High intakes of PUFA and n-3 fatty acids predicted apelin gene expression in both subcutaneous and visceral adipose tissue in all the weight groups. Apelin expression in response to EPA intervention was investigated in adipose tissue (13, 14); EPA supplementation (1 g/kg) in rats with a high-fat diet increased apelin gene expression (14). Moreover, in mice that received a high-fat diet enriched with 36 g/kg EPA, adipose tissue apelin gene expression was increased (13). Furthermore, intervention by EPA in a high-fat diet among mice led to a reduced level of insulin and glucose as well as improved insulin sensitivity through the increment of β oxidation in insulin-dependent organs and enhanced the expression of apelin and apelin receptor (13, 30); similarly, apelin was also demonstrated to enhance glucose tolerance in mice with obesity and insulin resistance (31). In addition, the present study showed n-3 fatty acids predicted apelin gene expression of a similar amount in both adipose tissues in obese subjects and 1-SD increase in n-3 fatty acids had association with approximately 0.6 unit increases in both visceral and subcutaneous apelin mRNA levels. In addition, it seems that n-3 fatty acid intakes increased apelin gene expression more in subcutaneous adipose tissue among obese subjects than in non-obese ones (0.7 vs. 0.5). Perez-Echarri et al. showed that in rats, overfeeding with a diet rich in SFA increased apelin gene expression in visceral fat (14). However, apelin gene expression in rats fed with a high-SFA diet along with EPA treatment was higher than that fed to rats i.e., high-fat diet (14).

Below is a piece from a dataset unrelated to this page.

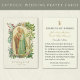 Mit einem wunderschönen katholischen Bild des Betrothals von Maria und Joseph mit einer dekorativen goldenen Grenze, die mit verschiedenen Blume und einem weißen Spitzen-Hintergrund betont wird. Ein Gebet steht auf der Rückseite für Braut und Bräutigam. Alle Texte und Schriftart können geändert werden.

The potential mechanism of the effect of dietary fatty acids intake on apelin is not well understood; however, some mediator pathways can be suggested. Insulin, leptin, and peroxisome proliferator-activated receptor-γ (PPARγ) are potential candidates for the regulation of the diet-induced apelin levels. (8, 13, 32–35).
There were limitations that should be stated. Small sample sizes limited our power to detect statistical associations. Despite the relatively large magnitude of the β standard in the dietary exposure and apelin mRNA levels, the exploratory insight of the current study should be considered. Therefore, our results need to be confirmed in the cohort and trial studies. Because the design of the current study was a cross-sectional, causal relationship cannot be inferred. However, since there is less probable that apelin induce dietary fat quality, we assumed that our conclusion to be likely that dietary fat may have an impact on apelin gene expression. Moreover, the lack of measuring apelin protein concentration and APJ gene expression was another limitation.